Required work :: Apart from the pictures, return every line of the listing exactly.

====

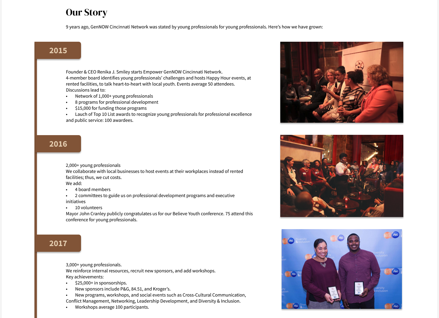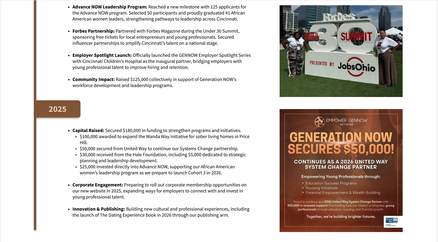 Since 2015, our 501(c)(3) nonprofit has been preparing young professionals in Greater Cincinnati for its diverse and inclusive workforce. One that will ensure equitable, sustainable economic development.
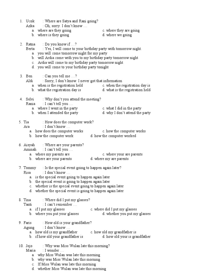 Soal Pilihan Ganda Noun Clauses Dengan Kunci Jawaban //FREE …
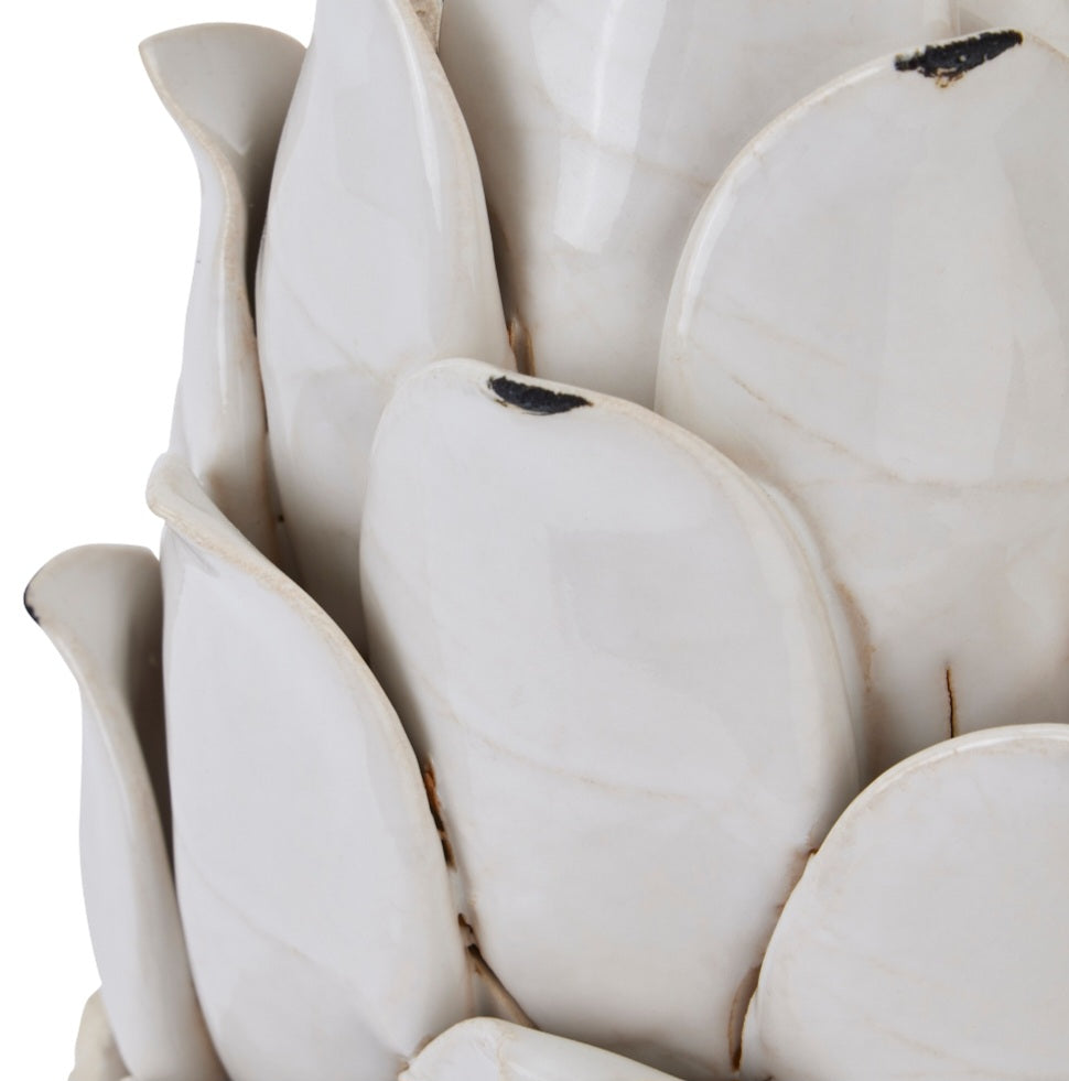 A distinctive artichoke ornament brought to life by its ivory cream glaze and distressed detailing. The perfect handcrafted ceramic to finish the look of a favourite sideboard or shelf space.
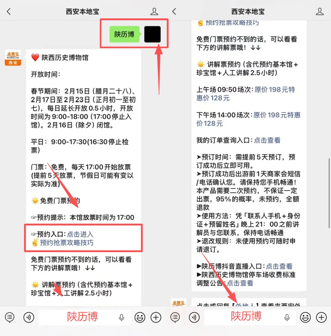 👉小提示:在【西安本地宝】微信后台对话框回复【博物院】快速进入景区预约门票入口。
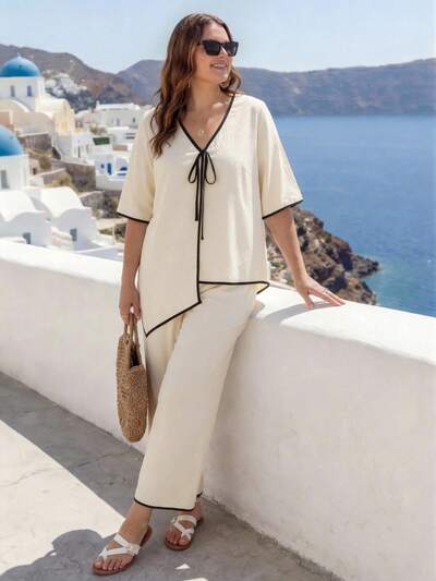 2pc Set Plus Size Women's Summer Casual Vacation Country Asymmetrical Hem Contrast Color Apricot V-Neck Short Sleeve Shirt Top And Pants 2 Piece Set With Pockets,Summer Holiday,Spring Break Outfits ,Vacation Outfits Women ,Holiday Outfits For Women,Going Out Outfits,2026 New Clothes,Simple And Fashionable For Everyday Wear,Suitable For Summer, Vacation, Daily Wear, Two Piece Women Sets Summer, Pant Suit Summer Sets, Women Vacation Outfit Sets,Beach Outfits For Women ,Modest Two Piece Set, Plus Size Summer Sets, Wide Leg Pants Set, Plus Size Pants Set, Summer Suits For Women

====

Result for this exercise ::
 Since 2015, our 501(c)(3) nonprofit has been preparing young professionals in Greater Cincinnati for its diverse and inclusive workforce. One that will ensure equitable, sustainable economic development.
 Soal Pilihan Ganda Noun Clauses Dengan Kunci Jawaban //FREE …
 A distinctive artichoke ornament brought to life by its ivory cream glaze and distressed detailing. The perfect handcrafted ceramic to finish the look of a favourite sideboard or shelf space.
 👉小提示:在【西安本地宝】微信后台对话框回复【博物院】快速进入景区预约门票入口。
 2pc Set Plus Size Women's Summer Casual Vacation Country Asymmetrical Hem Contrast Color Apricot V-Neck Short Sleeve Shirt Top And Pants 2 Piece Set With Pockets,Summer Holiday,Spring Break Outfits ,Vacation Outfits Women ,Holiday Outfits For Women,Going Out Outfits,2026 New Clothes,Simple And Fashionable For Everyday Wear,Suitable For Summer, Vacation, Daily Wear, Two Piece Women Sets Summer, Pant Suit Summer Sets, Women Vacation Outfit Sets,Beach Outfits For Women ,Modest Two Piece Set, Plus Size Summer Sets, Wide Leg Pants Set, Plus Size Pants Set, Summer Suits For Women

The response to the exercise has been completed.